Polly also suggests that the woman is trying to heal her troubled boyfriend. I do not see it in the letter, but I suspect that Polly is correct. Many women imagine that their love is some therapeutic that it can cure anything... and that if their boyfriends are not getting better the problem is that they are not loving them well enough.

Apparently,the letter writer has also read too many advice columns, and is trying to let her feelings guide her. She should know better. Sometimes her feelings tell her to stay. Sometimes they tell her to go. This tells us that feelings give mixed messages and are generally not reliable. It also tells us that, between her therapist and her beau, she is lost and afraid, alone with her feelings.

We do not know whether her therapist has an opinion about whether she should stay or go. If the therapist has no opinion and acts as though it is all normal, or is what she deserves the letter writer should fire her therapist. We suspect that the boyfriend has not experienced therapy, but we would like to know more about his relationship with it.

You will have difficulty figuring out what is good and positive about this relationship. I offer the text of the letter, for your edification.

I never know when to stay or go. But for the first time in my life I feel a deep connection in a real relationship, and I hope you can shed some light on some healthy parameters for me.

I am 30 and in the second relationship of my life, the first and only following a “starter marriage” that ended a few years ago. I love this man deeply and dearly, but damn if he doesn’t hurt me all the time.

Not physically — but certainly emotionally. My life feels bogged down by criticism, by discontent from him. I never feel good enough, I can’t even seem to breathe or speak correctly. And, of course, it’s all my fault. I’m just hypersensitive at best, and manipulative/damaged/a bitch/a drama queen/immature/blame-shifting at worst.

I am more critical of myself than anyone, and spend a ton of time in my own head, so I know unequivocally that I can be a consummate fuck-up, and that I definitely contribute to our issues quite a bit in ways both conscious and unconscious (and yes, I have a therapist who is helping me work on this). I see so much of myself in every one of your readers. But, still, I can say with a fair amount of certainty that the bulk of our fights, our Groundhog Day replays of issues, and the hostility in this comes from him. We have moments of profound connection and joy, where I think we’ve made a breakthrough, only for him to switch right back to a short fuse and impatience and old habits the very next day — heartbreakingly, often after a fantastic day or outing.

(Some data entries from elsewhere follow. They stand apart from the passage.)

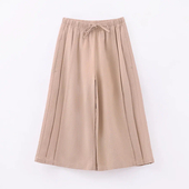 Прямой широкий крой не ограничивает активность, длина до середины икры смотрится аккуратно и практично. Защипы добавляют объёма, а мягкий шнурок в поясе регулирует посадку.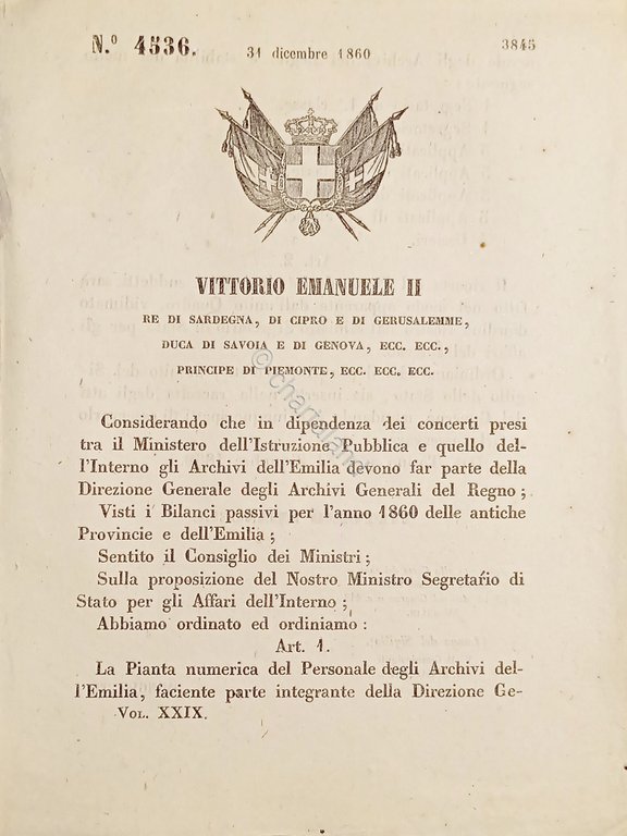 Decreto V. Emanuele II - Pianta del personale degli Archivi dell'Emilia - 1860 Decreto № 4536 Pagine 2 Condizioni buone come da foto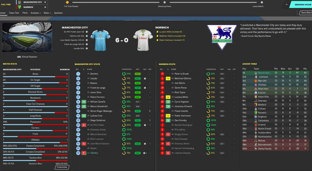 City had won the EFL Cup the previous season, and we continued that cup form by breezing through to the semi-finals where we got a decent draw against Norwich. And it was basically over at half-time of the first leg as we led 3-0, then continued to win 5-0. I rotated for the away leg and we won 1-0 to reach the final, which is an all-Manchester affair!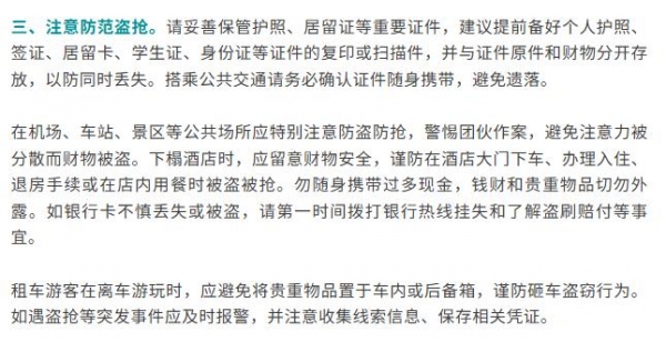 请妥善保管护照、居留证等重要证件,建议提前备好个人护照、签证、居留卡、学生证、身份证等证件的复印或扫描件,并与证件原件和财物分开存放,以防同时丢失。搭乘公共交通请务必确认证件随身携带,避免遗落。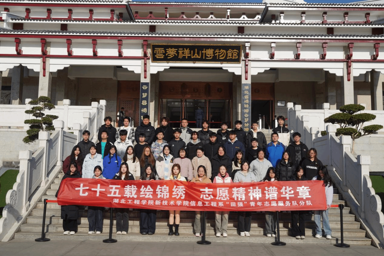 本网讯 为深入贯彻习近平新时代中国特色社会主义思想,响应总书记关于“新时代青年要坚定理想信念、勇担时代责任”的号召,11月26日,Beat365信息工程系“田强”青年志愿服务队联合孝感市图书馆,赴云梦博物馆开展“我与祖国共成长”——“七十五载绘锦绣,志愿精神谱华章”为主题的实践活动。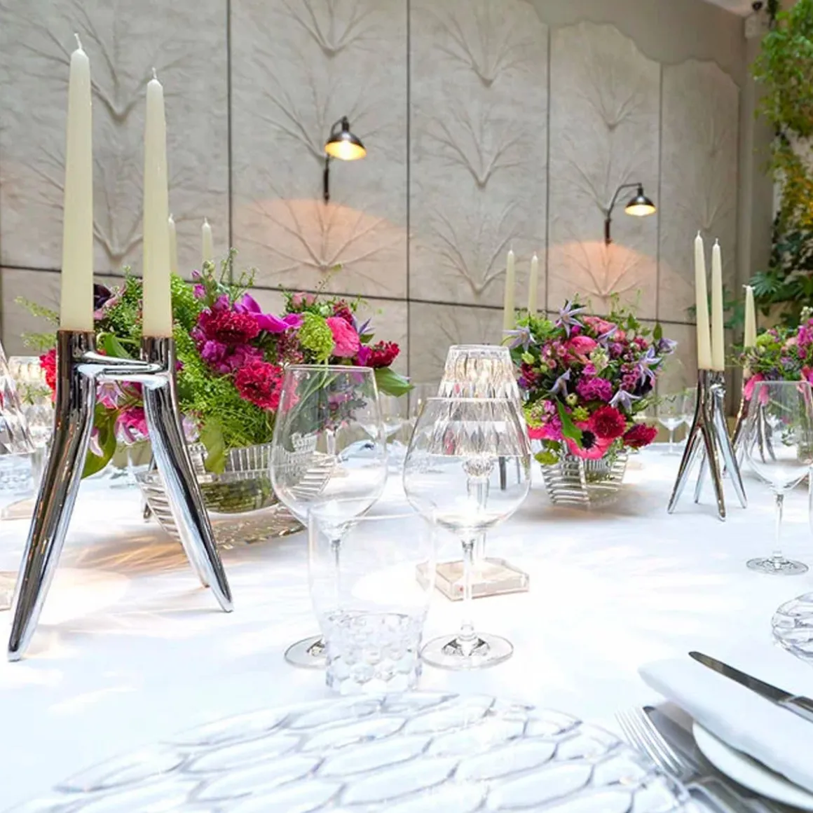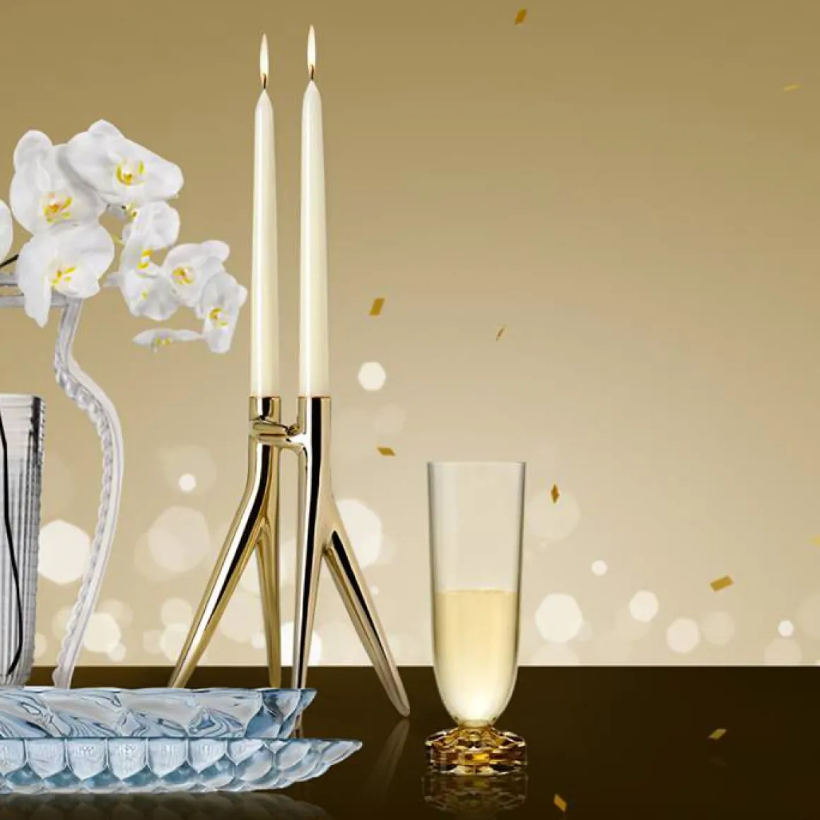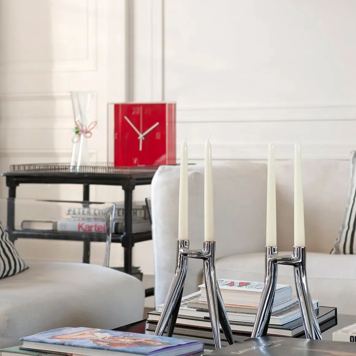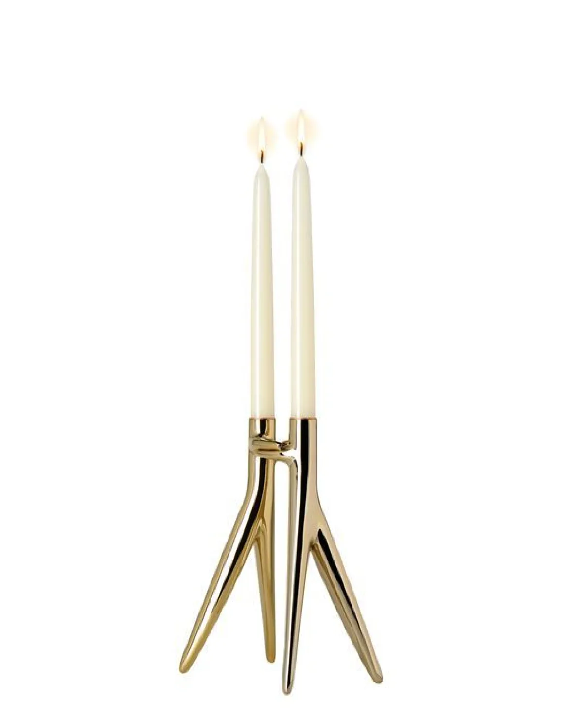 Abbracciaio représente la fusion de deux silhouettes en aluminium qui, mises l’une en face de l’autre, se transforment en une étreinte amoureuse. Les deux structures sont accrochées de manière à garantir la stabilité de l’objet. Élégant et poétique, Abbracciaio est prévu pour deux bougies. Il est réalisé en aluminium poli et décliné dans différentes couleurs.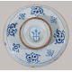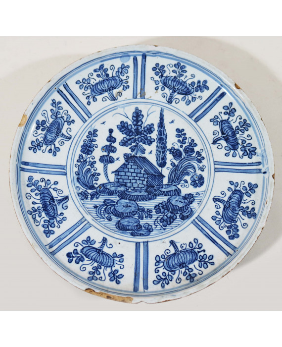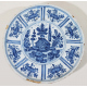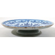 Alzatina in maiolica dipinta con decoro monocromo turchino calligrafico con vasi fioriti e caseggiato. Savona, sec. XVI. Diam. cm22 (scheggiature)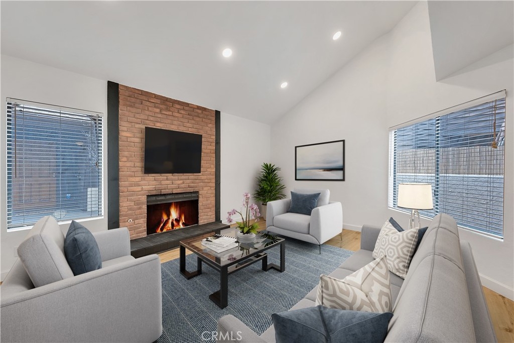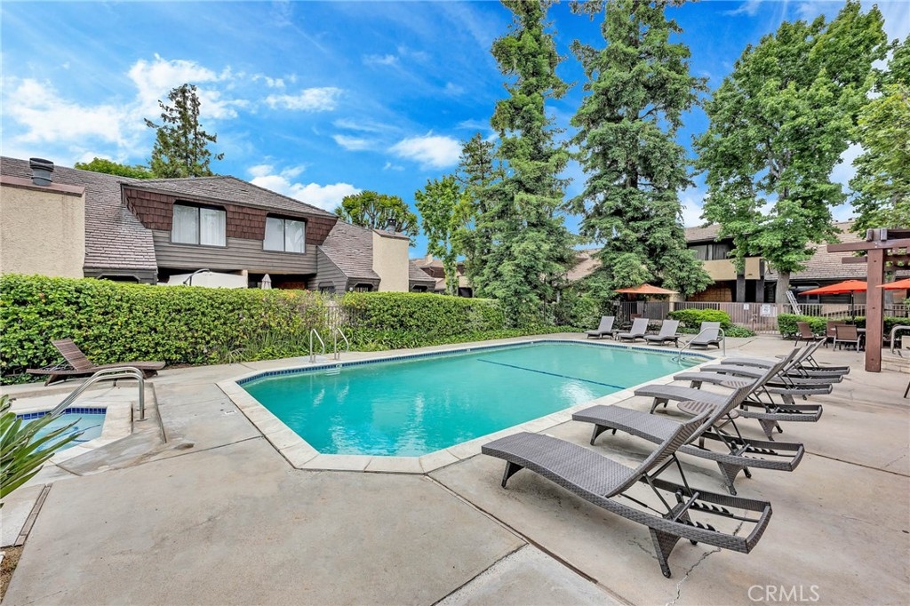Welcome to this beautifully remodeled townhouse that offers a harmonious blend of style and comfort. Nestled in a sought-after community of Parkwood in Van Nuys, this residence presents a prime opportunity for modern living at its finest. Upon entering, you'll be immediately captivated by the inviting living room adorned with vinyl flooring, which radiates a warm and welcoming ambiance. The centerpiece of the room is a cozy fireplace, perfect for gathering around on chilly evenings. The high ceiling adds an element of grandeur and enhances the overall sense of space. The remodeled kitchen is a culinary enthusiast's dream, boasting elegant quartz countertops that perfectly complement the contemporary cabinetry. The adjacent dining area provides an ideal space for enjoying meals with loved ones and hosting dinner parties. The townhouse features two well-appointed bedrooms, providing a peaceful retreat for rest and relaxation. The remodeled bathrooms showcase modern fixtures and finishes, creating a spa-like atmosphere where you can unwind and rejuvenate. Residents of this townhouse will enjoy access to a variety of exceptional amenities. Take a dip in the community pool on hot summer days or indulge in relaxation at the community spa. Work up a sweat in the convenient on-site gym or host gatherings in the club house. Additionally, the in-unit laundry ensures convenience and efficiency. Parking is hassle-free with a private storage area conveniently located adjacent to the parking space, offering ample room for storing belongings securely. Experience the epitome of modern living in this remodeled townhouse. Don't miss the opportunity to own a home that combines contemporary design with an array of desirable amenities. Come see this gem as this home is Priced to Sell! The Key to Your New Home is waiting for YOU!

He can’t see any of this. I don’t know what trauma could have caused this for him, but his brain is so, so deeply wired to avoid fault that he is incapable of even seeing the things I am talking about — he is literally blind to them. So naturally, in his mind, any problems or complaints or issues that arise are truly all me, and he means no conscious damage by it.

I sometimes feel like the only way to make this work is to live in a world where the sky is red — where I let him believe that I am the only one with issues, and that everything truly is my fault. Honestly, I kind of don’t mind that — at least it means maybe I can fix it. But things always spiral out of control again no matter what I do. For God’s sake, he tells me I am a drama queen for limping when I have a broken toe. I tell him I left my coffee on the train in a self-deprecating, annoyed-but-laughing-it-off kind of way, and he comes unglued at me for “just trying to make him feel bad” and for always having a problem or making things a big deal. He often lashes out severely even when blame wasn’t on anyone’s mind — apparently, even blinking or having a headache or feeling giddy about the sunshine is emotional terrorism to him.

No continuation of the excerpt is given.